Have you ever come across a piece of ancient art that looked suspiciously…modern? It’s hard to believe that Cycladic figures, with their sleek minimalist outlines, were made more than 4,000 years before sculptors Constantin Brancusi and Henry Moore came along. The stark silhouettes of the figures on a Greek vase may appear like something out of a graphic novel or a German Expressionist woodcut, while a mummy portrait could seem almost as recent as a Picasso painting.
In the way they’re displayed, ancient objects like these really are modern. Divorced from their original settings, they’re presented as independent works of art (a modern idea) in a museum gallery setting (a modern invention).

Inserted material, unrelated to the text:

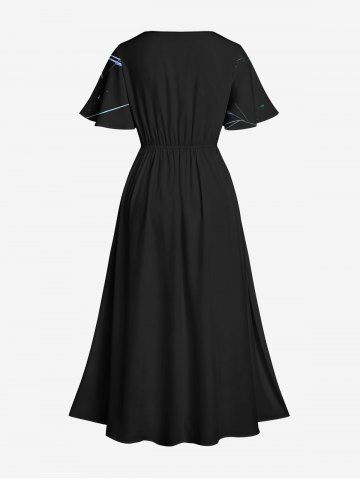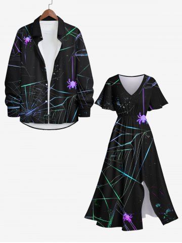 Plus Size Glitter Ombre Spider Web Print Halloween Costume Split Pocket A Line Midi Dress - Black - L
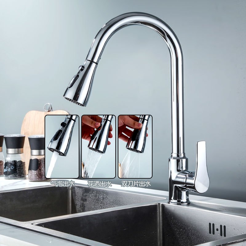 藤谷 枪灰色厨房水龙头冷热 三种出水304不锈钢抽拉式龙头 360°旋转洗菜盆洗碗池水槽家用防溅龙头

But there’s another reason ancient art may look modern, one explored in the new exhibition Modern Antiquity: Picasso, de Chirico, Léger, and Picabia in the Presence of the Antique at the Getty Villa. In the early 20th century, Pablo Picasso, Giorgio de Chirico, Fernand Léger, and Francis Picabia created contemporary interpretations of ancient art that still influence the way we see it today. These artists made antiquity modern.
Even if you can’t immediately call to mind de Chirico’s cityscapes or Léger’s nudes, you’ve probably seen echoes of them in advertising or magazines, TV or movies. And these popular images travel with you when you visit a museum. “When you walk into a gallery of ancient art, you see an object and try to compare it to something you’ve seen before—and that frame of reference is directly or indirectly shaped by the artists in the exhibition,” said Jens Daehner, curator of antiquities, who organized the exhibition with modern art specialist Christopher Green.
“We all have a modern pair of glasses on,” Jens told me. “We forget we have them on, and it’s nearly impossible to remove them.”
One good place to test these glasses is in the room of the exhibition that features this ancient Greek stone head framed against painted still lives by Léger, Picasso, and de Chirico that incorporate plaster busts. It’s one of numerous thought-provoking juxtapositions of modern paintings with ancient objects that evoke what fascinated 20th-century artists about the classical.
The head, with its androgynous features and blank stare, looks strikingly modern; weirdly, almost more modern than the painted heads behind it. Parts are missing, which makes it particularly open to interpretation. Even if you don’t realize it, you’re probably filling in what’s missing with visual references from your mental library, references that most likely come from modern art and popular visual culture, not ancient Greece.
And that’s not necessarily a bad thing. After all, this way of looking at art—projecting our own experience onto the mute fragments of the past—is how Picasso, de Chirico, Léger, and Picabia (among numerous others) created their innovative paintings in the first place.
So even if we can’t remove our modern glasses, Jens assured me, “my hope is that you can discover why an ancient piece intrigues you. After you go through the exhibition, I hope you carry that experience into the permanent collection galleries and start to see things differently. That would be tremendous.”